Every element of order 2 in Alt(n) is the square of an element of order 4 in Sym(n)

Prove that every element of order 2 in $A_n$ is the square of an element of order 4 in $S_n$.

We know that every element of order 2 in $S_n$ (hence also $A_n$) is a product of commuting 2-cycles by a previous theorem. Write $\sigma \in A_n$ of order 2 as $\sigma = (a_{1,1}\ a_{1,2})(b_{1,1}\ b_{1,2})(a_{2,1}\ a_{2,2})(b_{2,1}\ b_{2,2}) \cdots (a_{2k,1}\ a_{2k,2})(b_{2k,1}\ b_{2k,2})$. Note that the number of 2-cycles in the decomposition of $\sigma$ is even since $\sigma \in A_n$.
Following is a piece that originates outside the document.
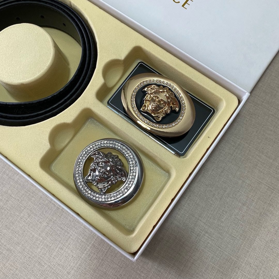 Versace Classic Double Button Round Buckle Belt Gift Box Set, High end Fashion, Noble and Elegant

Note that $(a_{i,1}\ b_{i,1}\ a_{i,2}\ b_{i,2})^2 = (a_{i,1}\ a_{i,2})(b_{i,1}\ b_{i,2})$. Thus $\sigma = (a_{1,1}\ b_{1,1}\ a_{1,2}\ b_{1,2})^2 (a_{2,1}\ b_{2,1}\ a_{2,2}\ b_{2,2})^2 \cdots (a_{2k,1}\ b_{2k,1}\ a_{2k,2}\ b_{2k,2})^2$ $= \left( (a_{1,1}\ b_{1,1}\ a_{1,2}\ b_{1,2})(a_{2,1}\ b_{2,1}\ a_{2,2}\ b_{2,2}) \cdots (a_{2k,1}\ b_{2k,1}\ a_{2k,2}\ b_{2k,2}) \right)^2$ using a previous theorem, and the element $(a_{1,1}\ b_{1,1}\ a_{1,2}\ b_{1,2})(a_{2,1}\ b_{2,1}\ a_{2,2}\ b_{2,2}) \cdots (a_{2k,1}\ b_{2k,1}\ a_{2k,2}\ b_{2k,2})$ has order 4 in $S_n$ by §1.3 #15.